Like the Miwoks, the Ohlones did not speak the name of the dead and destroyed, or "killed," all the person's possessions. Like the Miwoks, they wailed, cut their hair, beat their breasts and tore at their faces to express anguish. And while the Ohlone believed that ghosts went to the Island of the Dead instead of the home of Coyote, they saw ghosts as a similar kind of dangerous presence.
In fact, according to The Ohlone Way by Malcolm Margolin, the Ohlone Indians performed many rituals so that the ghost couldn't recognize them. If a man died, for example, his wife changed her appearance by cutting her hair and blackening her face, his possessions were destroyed and no one said his name anymore. If, in spirit form, he was looking for friends and family, everything would seem different to him and he would likely go where he was supposed to.

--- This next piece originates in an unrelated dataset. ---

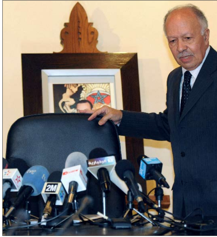
وزير الاتصال المغربي خالد الناصري خلال مؤتمر صحافي لفضح مغالطات الإعلام الإسباني

لعل أحداث مدينة العيون الصحراوية التي اندلعت مطلع الأسبوع الماضي بين قوات الأمن المغربية وناشطين صحراويين، هي القشة التي قصمت ظهر البعير بين المغرب والإعلام الإسباني. المواجهات التي أودت بحياة أكثر من عشرة أشخاص، جذبت وسائل الإعلام الإسبانية التي خصّصت لها مساحة واسعة من تغطيتها. لكن هذه التغطية لم تخل من المغالطات. مثلاً، استعملت قناة «أنيتينا 3» صوراً فوتوغرافية قالت إنها تعود إلى أحداث مدينة العيون. لكن سرعان ما اتضح أن هذه الصور نشرتها سابقاً يومية «الأحداث المغربية»، وتعود إلى جريمة تعرّضت لها أسرة مغربية في شهر كانون الثاني (يناير) الماضي في الدار البيضاء وأودت بحياة عدد من أفرادها. وقد قرّرت صحيفة «الأحداث المغربية» رفع دعوى على القناة أمام القضاء الإسباني، مطالبة بتعويض تبلغ قيمته... يورو واحداً. كذلك، أعلنت الأسرة التي تعرّض أفرادها للجريمة

Whether the Miwoks believed this or not is unclear. In addition to not recording their history, much of their culture disappeared with the arrival of the Europeans. By the time the Gold Rush took place in 1849, less than 10 percent of the Coast Miwoks were still alive, according to Sylvia Thalman, who runs the Miwok Archaeological Preserve and is an honorary tribal elder at the Federated Indians of Graton Rancheria.
"When the missions came in, they were a devastating force to the California Indians because the Indians caught European diseases," she says. "They died by the thousands. In 1810, there's a record of 1,000 children under 10 who had died. By 1840, they were 90 percent decimated."
With the Gold Rush, racism against the Indians only mounted and they were often driven out of their homes. Those who were sent to Indian schools had their hair cut, were given European clothes and told not to speak the Indian language or think about their culture.
The Indians, in turn, passed this attitude down from generation to generation.
"So the present day coast Indians are much more separated from their past than we are," says Thalman.